130,000 have watched this video in just five days, so it must be interesting. Britt provides unique insight into drug dealers’ mindsets and his assessment of why they won’t leave the business.
On a date in the nineties that I can’t remember, my cousin, my cousin’s friend, and I sat at the same table to take the entrance exam to SFPD. In 2003, thanks to Captain Greg Corrales my partner Jake Fegan and I were transferred from Mission Station to the Narcotics unit of SFPD. There, I joined my cousin’s friend, Britt Elmore, though Fegan and I were assigned to a different team.
In 2005 Britt was assigned part time to the DEA and went full time in 2009.
In 2010, SFPD Chief George Gascon wanted to increase SFPD’s retention of illegal cash that officers were seizing from drug dealers. Because of my financial background, I got the assignment. I soon learned a problem existed that the San Francisco assistant district attorney assigned to forfeitures, resided in San Diego and was only in the city a couple days per week. It became too convenient for the ADA to just negotiate an even split of the forfeitures with the public defenders, no matter how much money was seized, no matter how strong a case SFPD delivered. It only mattered that it didn’t disrupt the ADA’s scheduled flights home. The ADA’s actions made it difficult for me to execute Gascon’s program, so the conflict was resolved by sending me to the DEA.

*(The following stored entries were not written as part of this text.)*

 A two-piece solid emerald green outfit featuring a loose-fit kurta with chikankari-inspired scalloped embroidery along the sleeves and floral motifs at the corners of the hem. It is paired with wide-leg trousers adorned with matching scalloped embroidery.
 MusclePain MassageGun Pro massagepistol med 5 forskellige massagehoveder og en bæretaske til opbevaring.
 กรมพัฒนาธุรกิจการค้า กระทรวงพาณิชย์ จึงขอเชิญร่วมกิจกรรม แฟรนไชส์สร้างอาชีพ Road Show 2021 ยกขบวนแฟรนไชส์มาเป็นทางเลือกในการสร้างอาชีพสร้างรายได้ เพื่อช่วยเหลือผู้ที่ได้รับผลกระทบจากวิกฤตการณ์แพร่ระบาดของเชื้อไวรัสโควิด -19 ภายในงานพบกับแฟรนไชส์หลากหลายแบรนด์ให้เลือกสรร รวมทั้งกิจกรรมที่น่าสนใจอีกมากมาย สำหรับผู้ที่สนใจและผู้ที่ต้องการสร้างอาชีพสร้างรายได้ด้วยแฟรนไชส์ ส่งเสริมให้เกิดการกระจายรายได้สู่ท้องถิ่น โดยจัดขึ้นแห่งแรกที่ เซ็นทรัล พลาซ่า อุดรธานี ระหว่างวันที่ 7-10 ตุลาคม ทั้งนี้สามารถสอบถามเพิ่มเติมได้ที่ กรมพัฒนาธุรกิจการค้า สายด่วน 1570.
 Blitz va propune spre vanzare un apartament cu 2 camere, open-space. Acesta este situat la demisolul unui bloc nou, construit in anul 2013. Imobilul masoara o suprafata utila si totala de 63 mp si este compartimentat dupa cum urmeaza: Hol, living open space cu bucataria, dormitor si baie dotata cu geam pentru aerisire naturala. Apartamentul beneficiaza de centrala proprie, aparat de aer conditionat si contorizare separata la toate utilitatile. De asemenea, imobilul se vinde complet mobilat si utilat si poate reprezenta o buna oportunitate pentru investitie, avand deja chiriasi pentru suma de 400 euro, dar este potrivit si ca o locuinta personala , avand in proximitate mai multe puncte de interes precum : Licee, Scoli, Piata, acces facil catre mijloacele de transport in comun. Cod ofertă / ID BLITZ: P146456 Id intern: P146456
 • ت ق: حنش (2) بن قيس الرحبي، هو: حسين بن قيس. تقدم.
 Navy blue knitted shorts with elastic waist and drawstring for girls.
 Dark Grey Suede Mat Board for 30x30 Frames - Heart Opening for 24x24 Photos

There I joined Britt as a partner for 2010 and 2011. I am including my route to DEA for two reasons: 1) to share the typical SFPD irony that years after two strangers sit at a table, they become partners and friends, and 2) to contrast that even though we were partners, I was at DEA as more of a pencil pusher. I didn’t participate in the federal operations Britt was involved in. Britt’s YouTube video (below) is extremely impactful. Like Britt, I enjoyed buying dope, but I only did it for SFPD. Contrastingly, Britt conducted buys of guns and dope at the federal level, which involved more weight, more potential prison time, and consequently more danger.
My most memorable DEA case with Britt occurred when we were intercepting drug money at FedEx. In the heat of the Giants’ September 2010 pennant race, we delivered a FedEx package containing 49 syringes of HGH to the wife of the Giants’ right fielder. The event changed the Giants’ lineup. My closest friends will appreciate my primary concern that I immediately expressed was, “Britt, we gotta keep this quiet. Outta the news. We can’t make this a distraction to the Giants’ momentum.” Britt, thanks for the memories.
Britt retired last Friday- 10 7E.
The problems in SF are ALL CREATED BY DESIGN…NGO organizations are a multibillion dollar business …every thing the Marxist dims do is for power and money. Helping people or serving their citizens never crosses the puppet masters minds…I wish people would wake up…
Corruption from top to bottom…the cops have been handcuffed and neutered…..drug trafficking is just a way to enslave ….I'm happy for ALL retirees…
How the hell to disincentivize the massive amounts of easy money that drug dealing engenders???